Книга: В круге первом (т.1)
Назад: 36
Дальше: 38

37

На мягком сиденьи, ослонясь о мягкую спинку, Нержин занял место у окна и отдался первому приятному покачиванию. Рядом с ним на двухместном диванчике сел Илларион Павлович Герасимович, физик-оптик, узкоплечий невысокий человек с тем подчёркнуто-интеллигентским лицом, да ещё в пенсне, с каким рисуют на наших плакатах шпионов.
— Вот, кажется, ко всему я привык, — негромко поделился с ним Нержин.
— Могу довольно охотно садиться голой задницей на снег, и двадцать пять человек в купе, и конвой ломает чемоданы — ничто уж меня не огорчает и не выводит из себя. Но тянется от сердца на волю ещё вот эта одна живая струнка, никак не отомрёт — любовь к жене. Не могу, когда её касаются. В год увидеться на полчаса — и не поцеловать? За это свидание в душу наплюют, гады.
Герасимович сдвинул тонкие брови. Они казались скорбными даже когда он просто задумывался над физическими схемами.
— Вероятно, — ответил он, — есть только один путь к неуязвимости: убить в себе все привязанности и отказаться от всех желаний.
Герасимович был на шарашке Марфино лишь несколько месяцев, и Нержин не успел близко познакомиться с ним. Но Герасимович нравился ему неизъяснимо.
Дальше они не стали разговаривать, а замолчали сразу: поездка на свидание — слишком великое событие в жизни арестанта.

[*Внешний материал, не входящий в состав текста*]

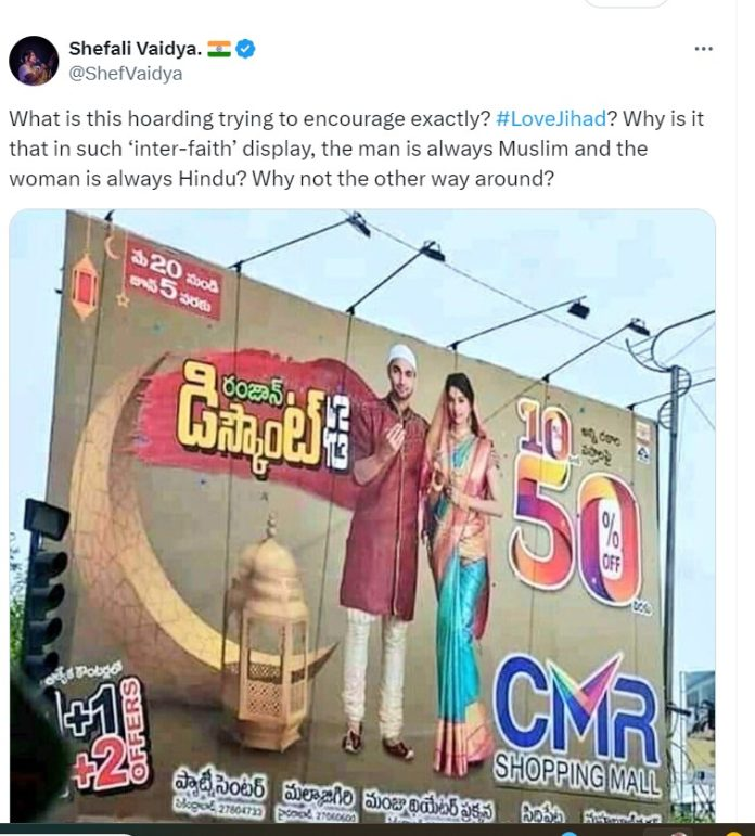 ತೆಲಂಗಾಣದಲ್ಲಿ ಹಾಕಲಾಗಿದ್ದ 2019ರ ಸಿಎಂಆರ್ ಶಾಪಿಂಗ್ ಮಾಲ್ ನ ಹೋರ್ಡಿಂಗ್ ಫೋಟೋವನ್ನು ಕರ್ನಾಟಕದಲ್ಲಿ ‘ಲವ್ ಜಿಹಾದ್’ ಉತ್ತೇಜಿಸುವ ಹೋರ್ಡಿಂಗ್ ಎಂಬಂತೆ ತಪ್ಪಾಗಿ ಹಂಚಿಕೊಳ್ಳಲಾಗುತ್ತಿದೆ

Приходит время будить свою забытую милую душу, спящую в усыпальнице. Подымаются воспоминания, которым нет ходу в будни. Собираешься с чувствами и мыслями целого года и многих лет, чтобы вплавить их в эти короткие минуты соединения с родным человеком.
Перед вахтой автобус остановился. Вахтенный сержант поднялся на ступеньки, всунулся в дверцу автобуса и дважды пересчитал глазами выезжавших арестантов (старший надзиратель ещё прежде того расписался на вахте за семь голов). Потом он полез под автобус, проверил, никто ли там не уцепился на рессорах (бесплотный бес не удержался бы там минуты), ушёл на вахту — и только тогда отворились первые ворота, а затем вторые. Автобус пересек зачарованную черту и, пришёптывая весёлыми шинами, побежал по обындевевшему Владыкинскому шоссе мимо Ботанического сада.
Глубокотайности своего объекта обязаны были марфинские зэки этими поездками на свидания: приходящие родственники не должны были знать, где живут их живые мертвецы, везут ли их за сто километров или вывозят из Спасских ворот, привозят ли с аэродрома или с того света, — они могли только видеть сытых, хорошо одетых людей с белыми руками, утерявших прежнюю разговорчивость, грустно улыбающихся и уверяющих, что у них всё есть и им ничего не надо.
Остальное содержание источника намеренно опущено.